----- DATASET EXCERPTS -----

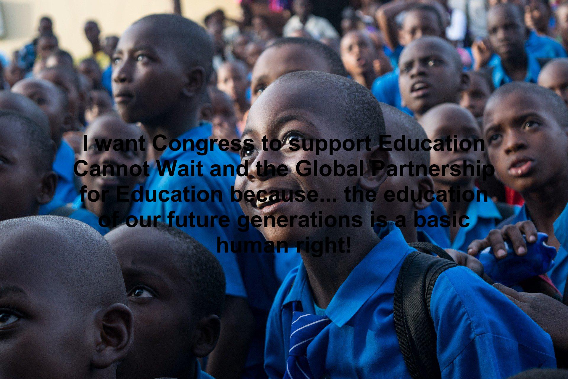 I want Congress to support Education Cannot Wait and the Global Partnership for Education because... the education of our future generations is a basic human right! media.globalcitizen.org/message_images…
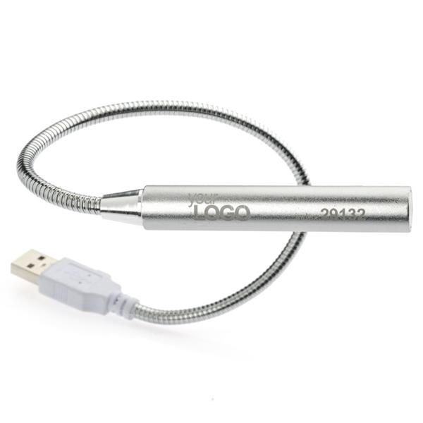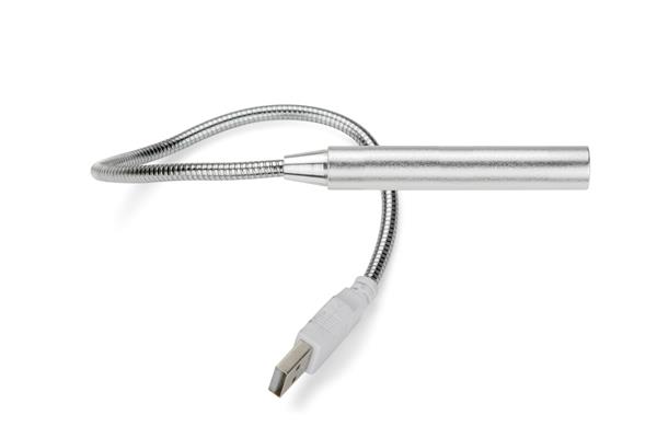 Lampka wykonana z metalu zasilana energią z portu USB, np. z laptopa lub power banka. Posiada elastyczny pałąk pozwalający na precyzyjne ustawienie lampki oraz 5 diod LED.
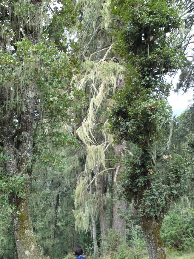 林の中にはエトメトと呼ばれる石楠花が満開。白、ピンク、ローズ、オレンジと色もバラエティに富んでいます。名も知らぬ紫色の花、風の当たる稜線に出ると、背丈の低い小さな花々が見られます。何てすてきな山登りなのでしょう。山道をハイティーンくらいの尼僧さんが2人と真っ黒くてどこに眼があるのか分からないようなけむくじゃらの犬が下りてきました。犬は番犬のように道案内のようにおとなしく2人についていきます。写真を一緒にとって貰いました。はるか下に見下ろせるパロの街まで買い物に行くということでした。きっと車道で誰かが車に乗せることでしょう。
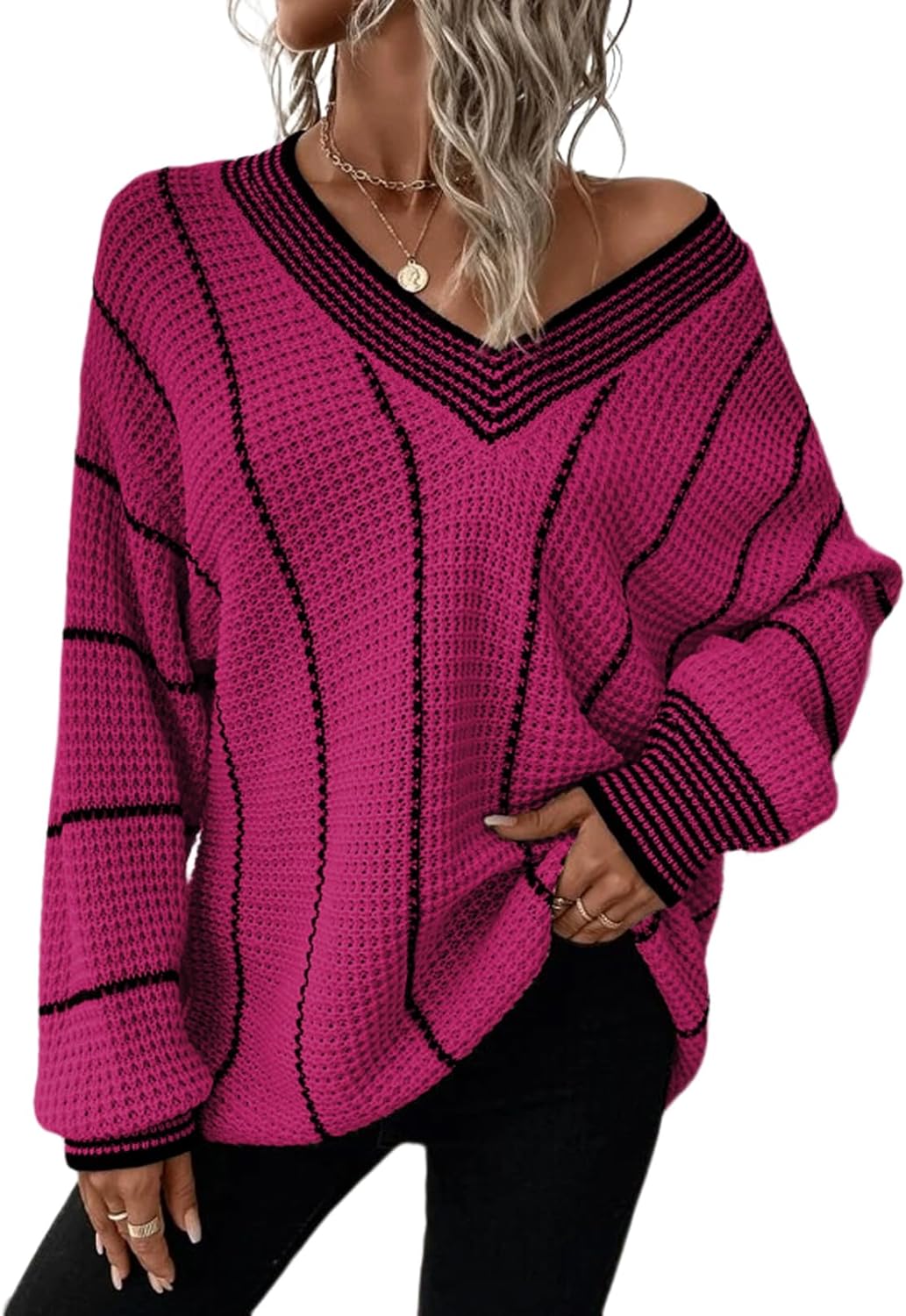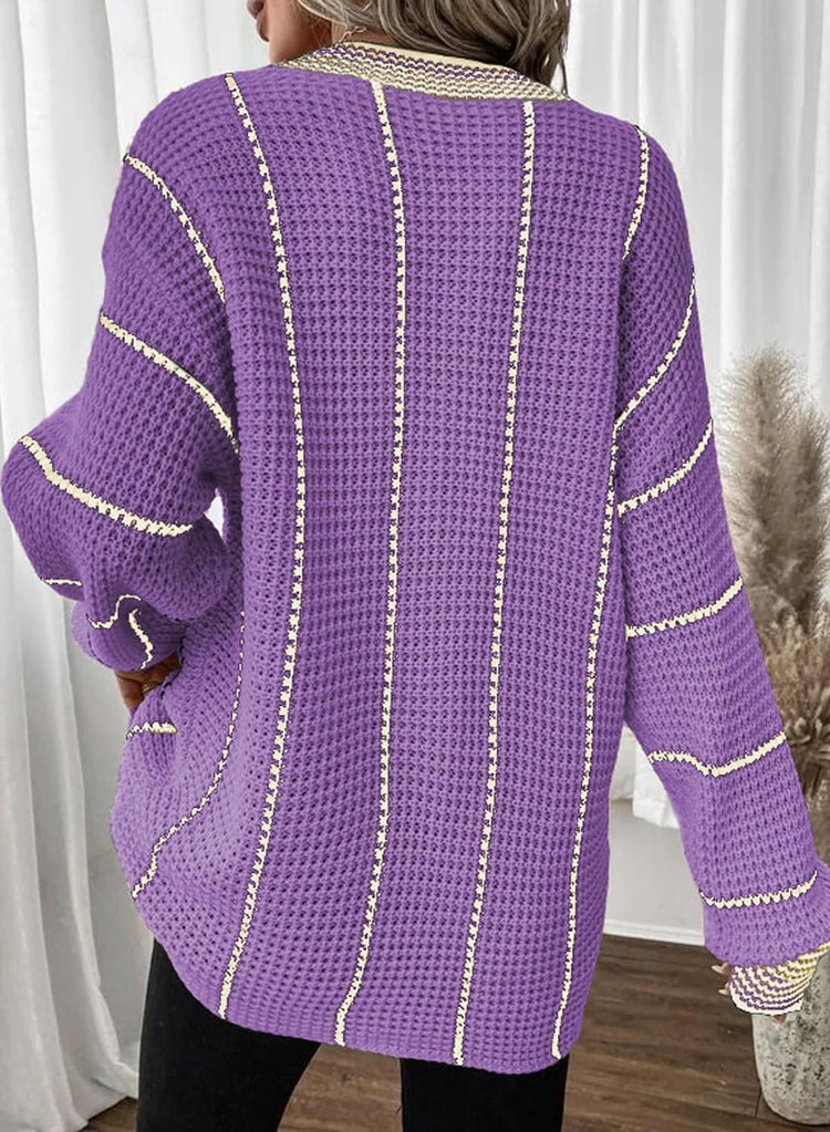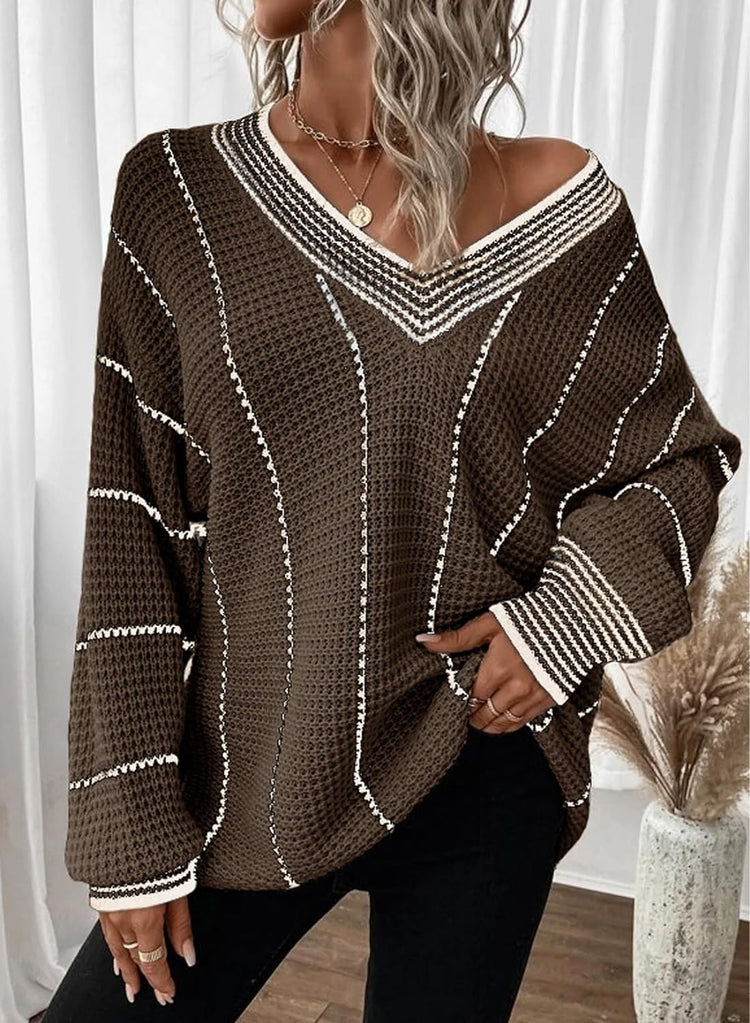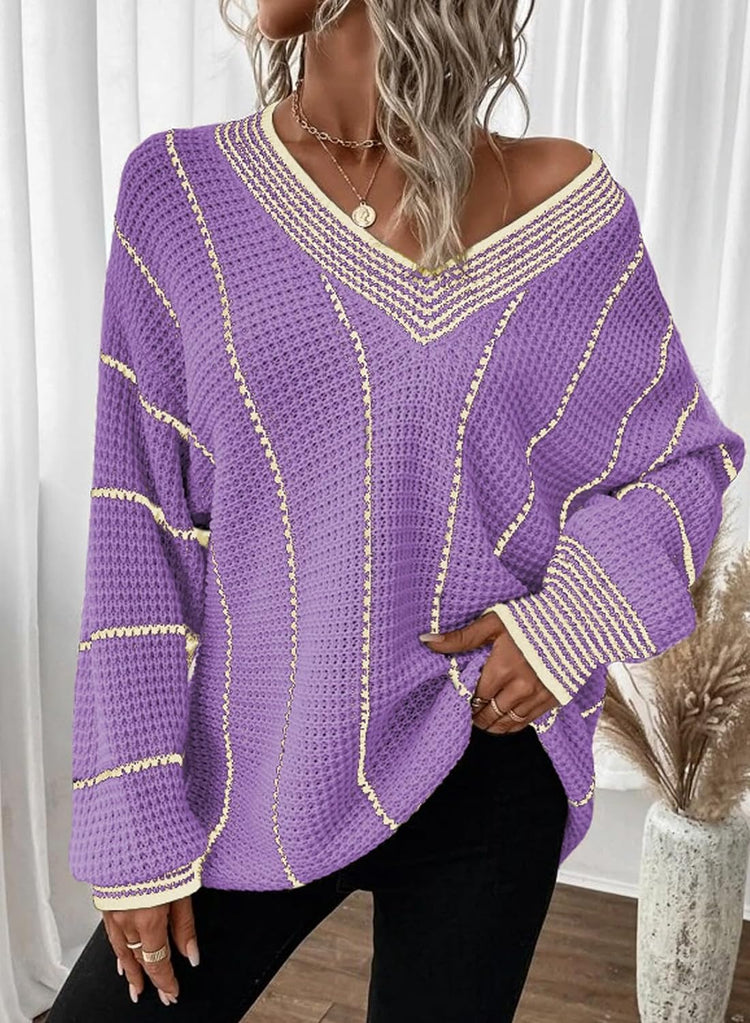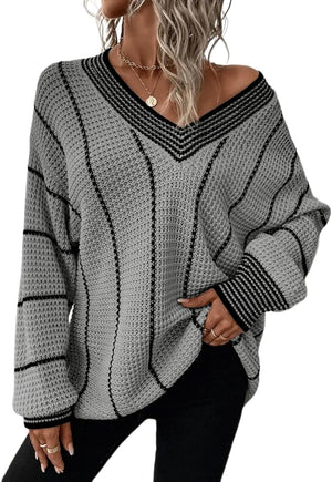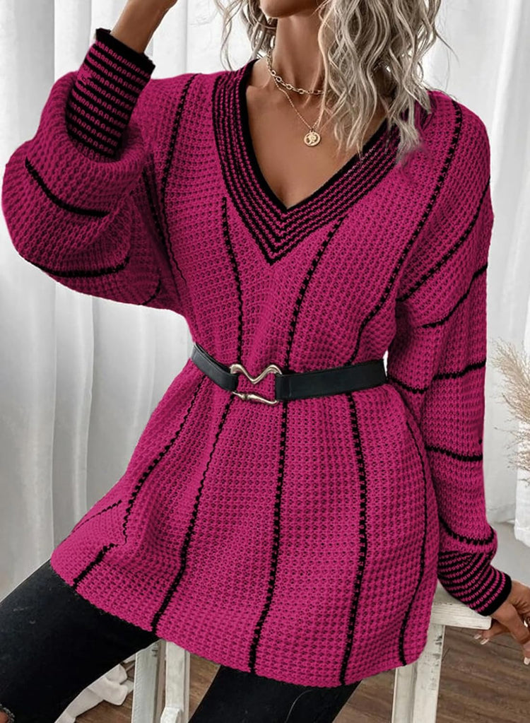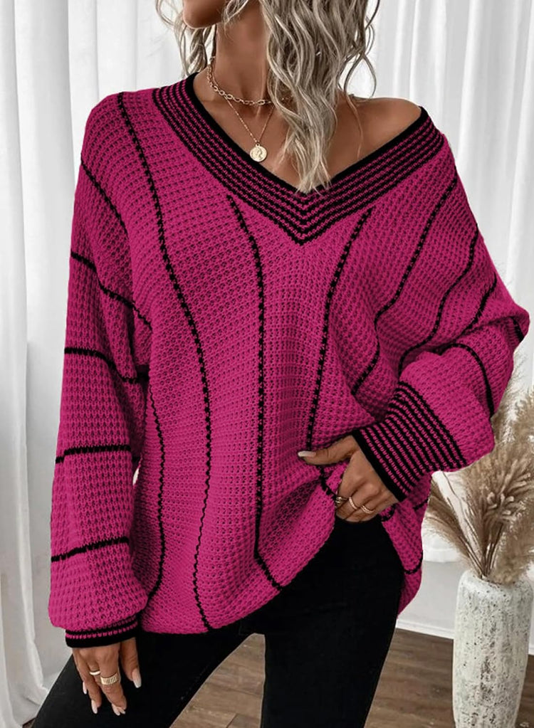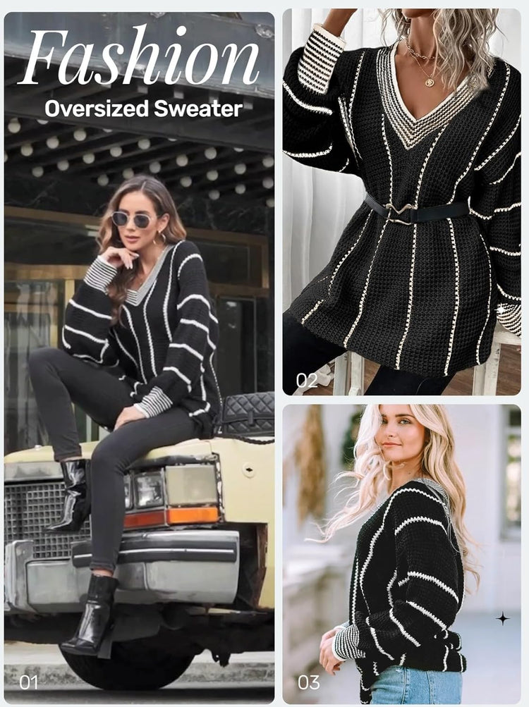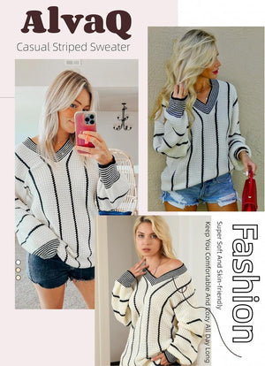 AlvaQ Women Winter Long Sleeve V Neck Color Block Striped Sweater Casual Oversized Pullover Knitted Jumper Tops
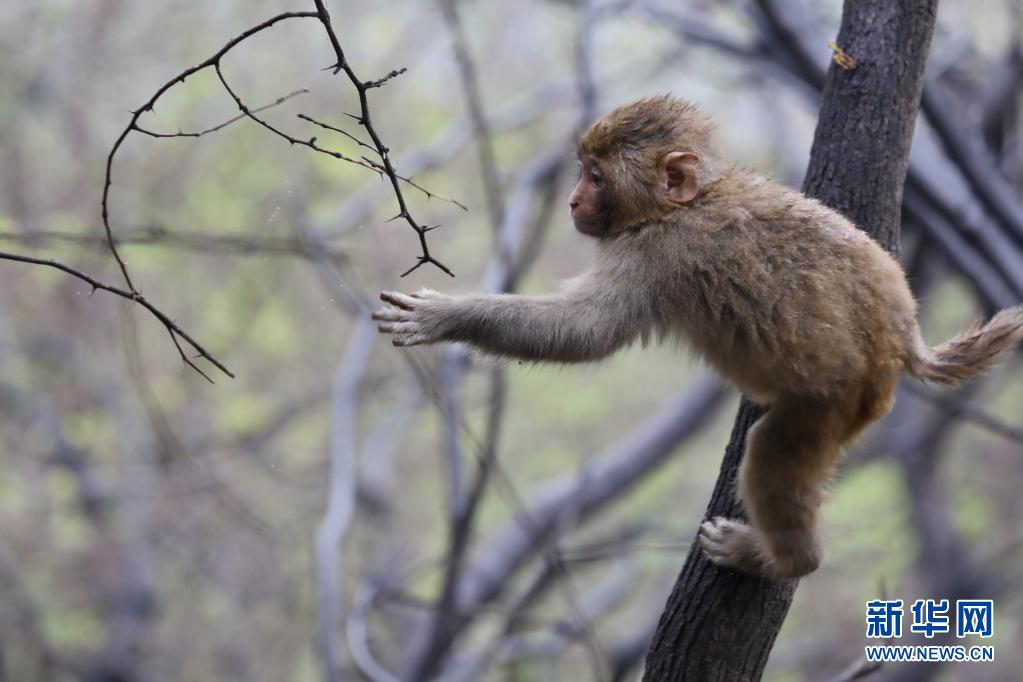 4月3日,在神農山風景區,一只野生太行獼猴在樹上嬉戲。隨著氣溫回暖,河南省沁陽市神農山風景區野生太行獼猴活躍起來,在山林間嬉戲玩鬧,為景區增添生機和靈氣。新華社發(徐宏星 攝)
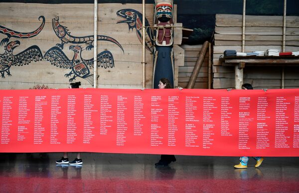 A 50-metre-long cloth with the names of Indigenous children who died within Canada’s residential school system was unveiled Monday during a ceremony in Gatineau at the Canadian Museum of History.
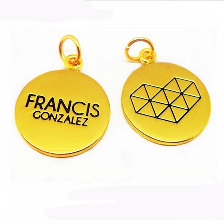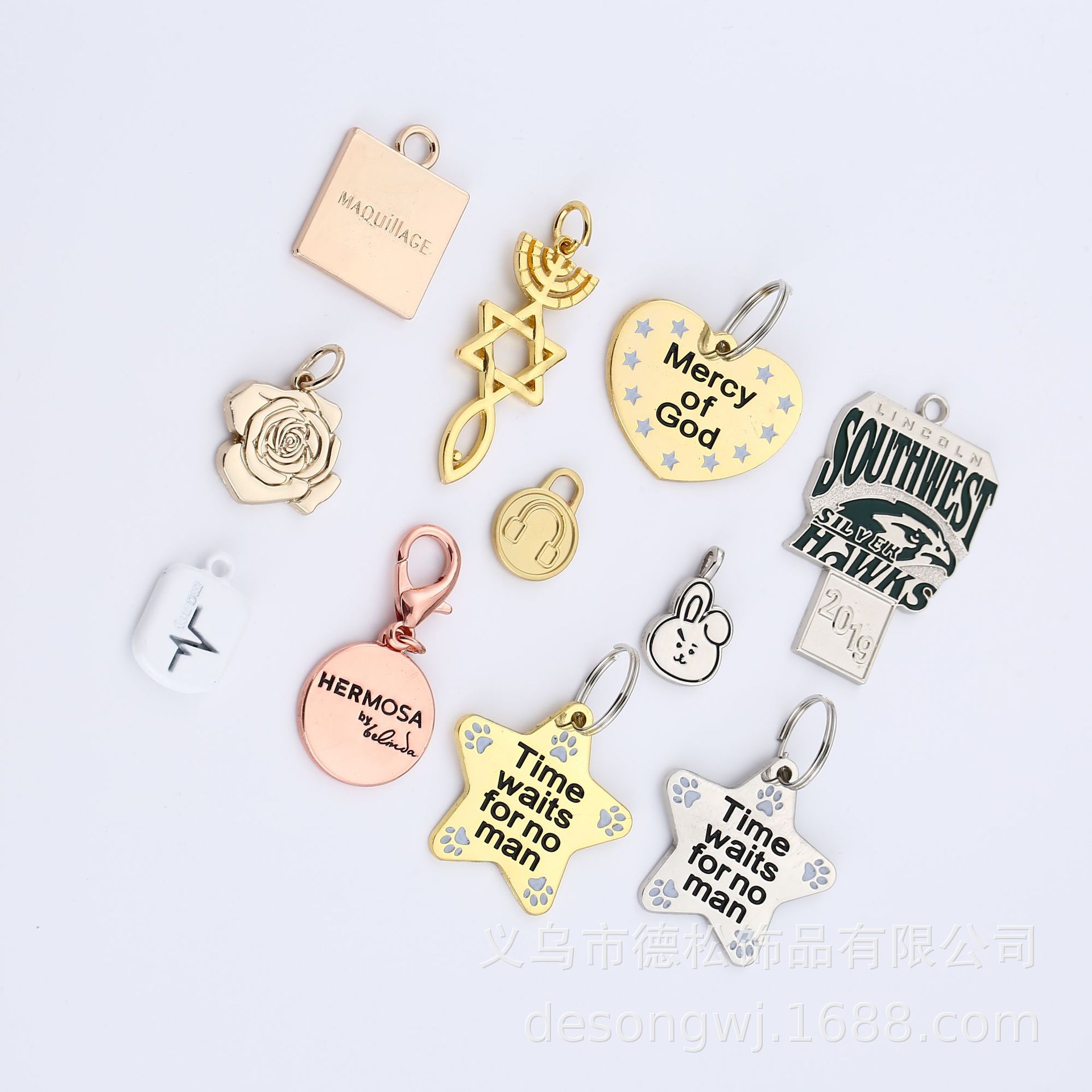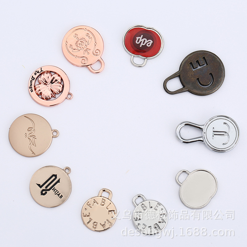 义乌生产金属铜片吊牌电镀金色logo打孔商标可定五金logo合金挂坠
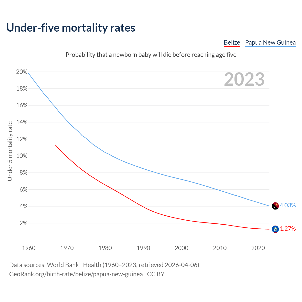 The chance that a newborn baby will die before reaching age five is 1.27% in Belize and 4.03% in Papua New Guinea. Above is a chart with historical data on under-five mortality rates.
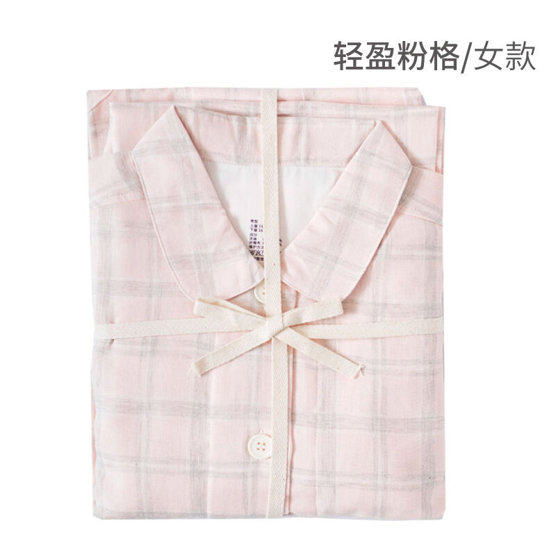 雙層紗睡衣 無印無側縫日式良品格子小點 春夏新款情侶家居服套裝

-----

ASSIGNED TASK: Starting at the line that contains "林の中にはエトメトと呼ばれる", restate every line through the end of the records exactly as written, but leave the pictures out.

SOLUTION TO THIS TASK:
 林の中にはエトメトと呼ばれる石楠花が満開。白、ピンク、ローズ、オレンジと色もバラエティに富んでいます。名も知らぬ紫色の花、風の当たる稜線に出ると、背丈の低い小さな花々が見られます。何てすてきな山登りなのでしょう。山道をハイティーンくらいの尼僧さんが2人と真っ黒くてどこに眼があるのか分からないようなけむくじゃらの犬が下りてきました。犬は番犬のように道案内のようにおとなしく2人についていきます。写真を一緒にとって貰いました。はるか下に見下ろせるパロの街まで買い物に行くということでした。きっと車道で誰かが車に乗せることでしょう。
 AlvaQ Women Winter Long Sleeve V Neck Color Block Striped Sweater Casual Oversized Pullover Knitted Jumper Tops
 4月3日,在神農山風景區,一只野生太行獼猴在樹上嬉戲。隨著氣溫回暖,河南省沁陽市神農山風景區野生太行獼猴活躍起來,在山林間嬉戲玩鬧,為景區增添生機和靈氣。新華社發(徐宏星 攝)
 A 50-metre-long cloth with the names of Indigenous children who died within Canada’s residential school system was unveiled Monday during a ceremony in Gatineau at the Canadian Museum of History.
 义乌生产金属铜片吊牌电镀金色logo打孔商标可定五金logo合金挂坠
 The chance that a newborn baby will die before reaching age five is 1.27% in Belize and 4.03% in Papua New Guinea. Above is a chart with historical data on under-five mortality rates.
 雙層紗睡衣 無印無側縫日式良品格子小點 春夏新款情侶家居服套裝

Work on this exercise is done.